ACTIVITY - Leave out the pictures and set down the rest of the listing below word for word.

DATA BLOCK -

-----

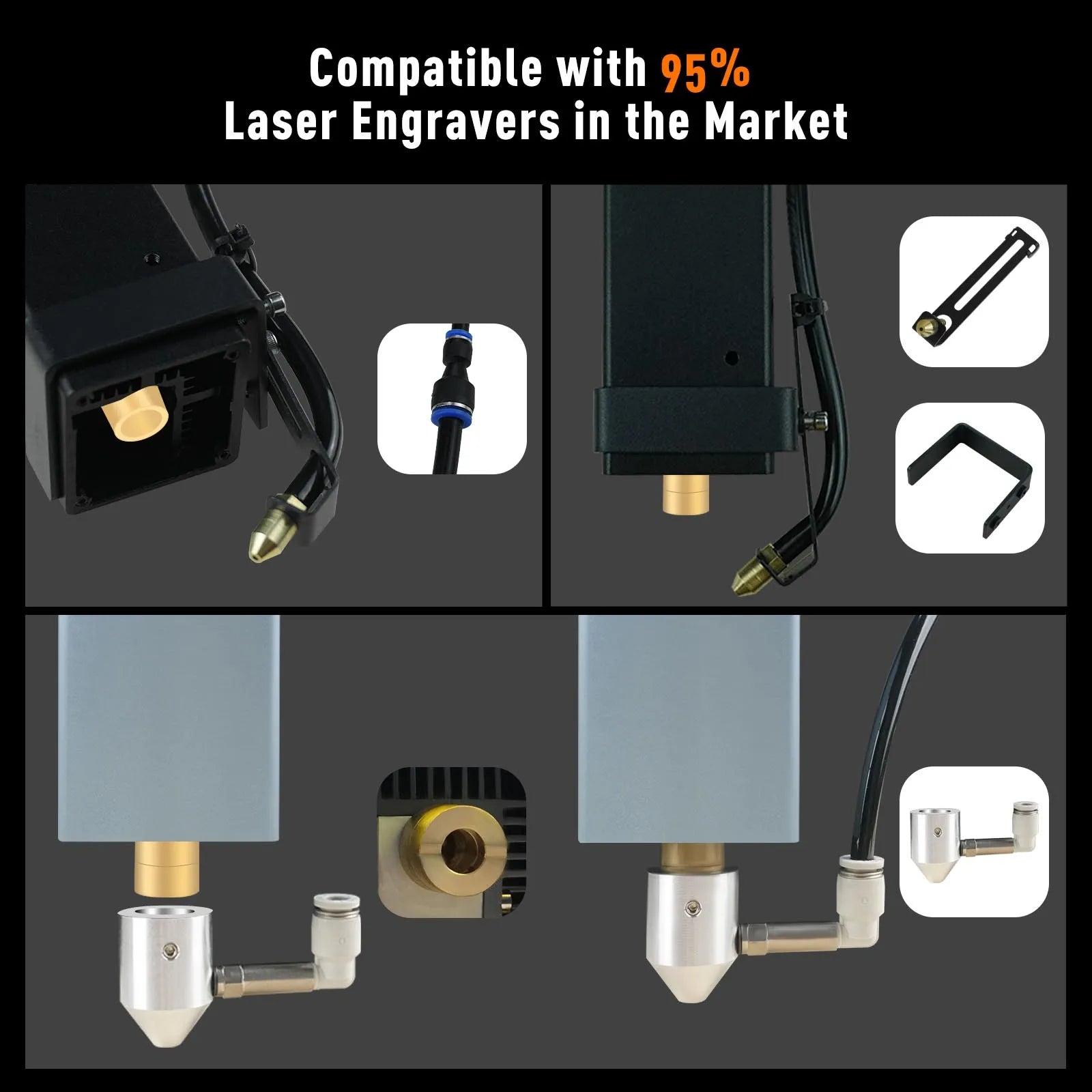 Vzduchová pomocná pumpa so širokou kompatibilitou – Táto laserová vzduchová pomocná pumpa je navrhnutá pre 99 % laserových rytcov na trhu. K dispozícii je vzduchová pomocná dýza s trubicou (ktorá potrebuje veľkosť laserového modulu 40 x 40 mm), dýza s priamym fúkaním, U-svorka, konverzná trubica, dva imbusové kľúče, podložky M3, skrutky M3 * 4 , dve skrutky M3*10, čo umožňuje dobre pracovať pre 99% laserovú rezačku.
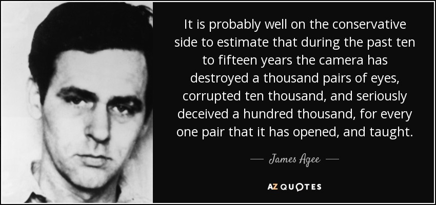 It is probably well on the conservative side to estimate that during the past ten to fifteen years the camera has destroyed a thousand pairs of eyes, corrupted ten thousand, and seriously deceived a hundred thousand, for every one pair that it has opened, and taught.
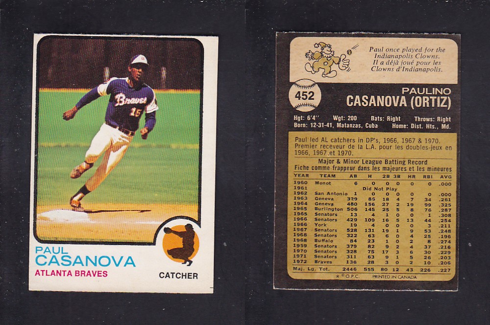 ITEM# : CS43492396 1973 O-PEE-CHEE BASEBALL CARD #452 P. CASANOVA DESCRIPTION 1973 O-PEE-CHEE BASEBALL CARD #452 P. CASANOVA CONDITION EX+ NO CREASE PRICE $2.99 USD SHIPPING CANADA RESIDENT 3.00$
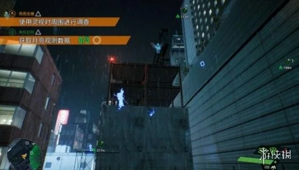 爬上工地最高处,瞄准对面大楼的天狗,空格爬上去。

-----

RESPONSE TO THIS TASK -
 Vzduchová pomocná pumpa so širokou kompatibilitou – Táto laserová vzduchová pomocná pumpa je navrhnutá pre 99 % laserových rytcov na trhu. K dispozícii je vzduchová pomocná dýza s trubicou (ktorá potrebuje veľkosť laserového modulu 40 x 40 mm), dýza s priamym fúkaním, U-svorka, konverzná trubica, dva imbusové kľúče, podložky M3, skrutky M3 * 4 , dve skrutky M3*10, čo umožňuje dobre pracovať pre 99% laserovú rezačku.
 It is probably well on the conservative side to estimate that during the past ten to fifteen years the camera has destroyed a thousand pairs of eyes, corrupted ten thousand, and seriously deceived a hundred thousand, for every one pair that it has opened, and taught.
 ITEM# : CS43492396 1973 O-PEE-CHEE BASEBALL CARD #452 P. CASANOVA DESCRIPTION 1973 O-PEE-CHEE BASEBALL CARD #452 P. CASANOVA CONDITION EX+ NO CREASE PRICE $2.99 USD SHIPPING CANADA RESIDENT 3.00$
 爬上工地最高处,瞄准对面大楼的天狗,空格爬上去。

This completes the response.